高父叹口气:“那你以后怎么办?丑话说在前头,先前你跑了的事情闹得沸沸扬扬,附近这一片的人都知道你是私奔,老子不会留你在家里,太丢人!”
高盼盼试探着道:“要不我尽快嫁出去?”
“嫁远一点,嫁到外城,或者是嫁到其他的府城。”高父见女儿有些不乐意,强调道:“老子就当没生过你这个畜生。”
高盼盼沉默下来,泪水扑簌簌往下掉。
高母也开始抹泪:“要不咱们去陈家试一试?看在孩子的份上,兴许他们愿意收留你。不过,人家也是有底线的,你得诚心诚意认错道歉,并且保证以后再也不干这种事……”
“陈大满定亲了。”高盼盼声音艰涩。
高母叹气:“陈家一飞冲天,多半不会接纳你。不知福哥儿的脸面行不行。”
高盼盼听到前婆婆那番威胁的话,她也怕双亲知道她这些日子的经历,不愿意让双清和前婆婆当面对质,苦笑道:“不行的,刚才我去过一趟,大满的娘说话很难听,还扬言我若是继续纠缠大满,她就会在外头说我被赵文书带到了花楼一起接客……”
“这怎么可能?”高母失声问,“她这样胡说,福哥儿的名声也会受影响,她竟不为孩子的名声考虑?”
高盼盼垂下眼眸:“说白了就是不要我继续做陈家的媳妇,又不希望陈大满的婚事因我而受影响所以才这般威胁于我。我若怕孩子被人笑话,被她这般威胁后,自然就不会想回陈家了。”
高家夫妻一想也对。
高父也想让女儿回陈家,听说前亲家母不愿意,一挥手道:“两日之内嫁出去,你若还认我们,就嫁到郊外那些村子里,苦是苦一点,日子还能过。若你不想认我们,自己收拾了行囊离开城中,我懒得管你去哪儿,就当你死了。”

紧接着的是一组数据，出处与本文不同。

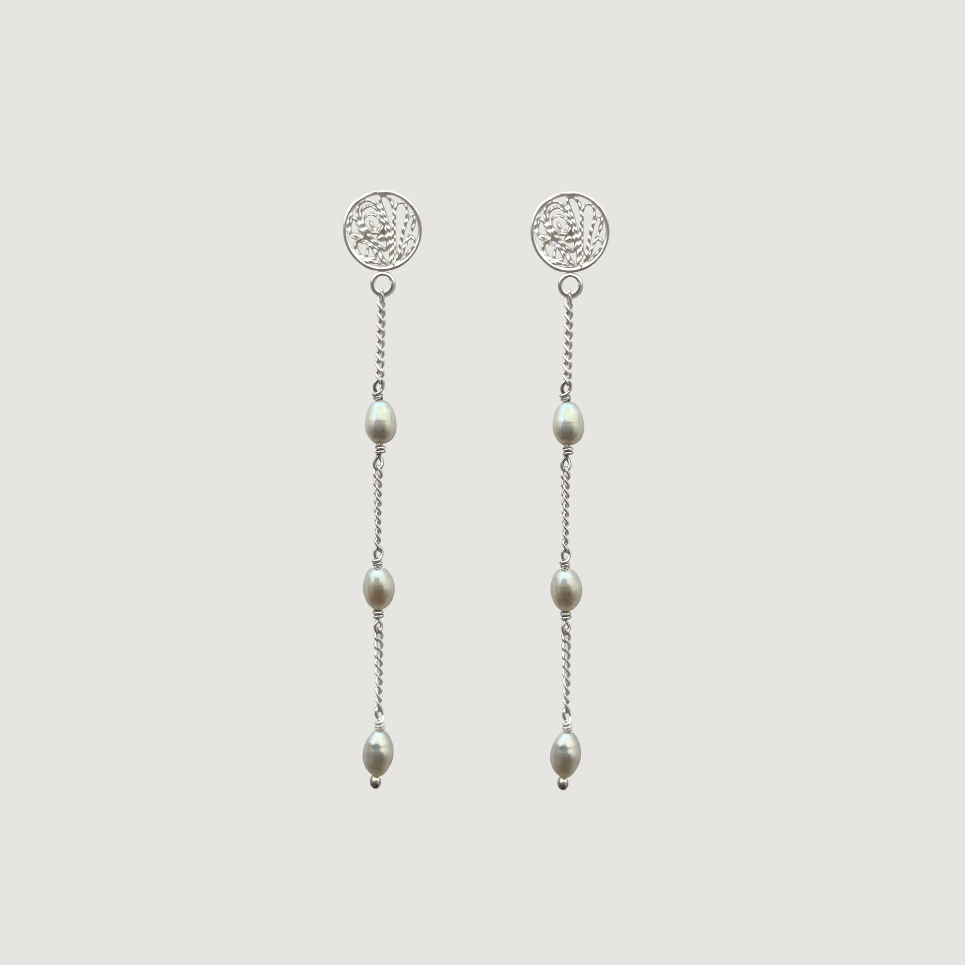 Aretes de filigrana con cadena largos de plata.925 y perlas naturales

高盼盼在花楼里遭受了那一番蹂躏,即便心里不愿,也要强颜欢笑的和各种男人周旋,婉转承欢在男人身下,如今想到男人她就恶心,尤其是那种出身不好浑身黝黑长相又丑的,她多看一眼都嫌烦。
可郊外村子里庄户人家出身的年轻男人都是那些模样,找不出几个好看的。
她生过孩子,又和赵文书跑过一回,如今去相看,怕是只有鳏夫可选。
一想到这些,高盼盼心里就万分抵触,她哭着道:“爹!你是我亲爹呀,能不能不要逼我?”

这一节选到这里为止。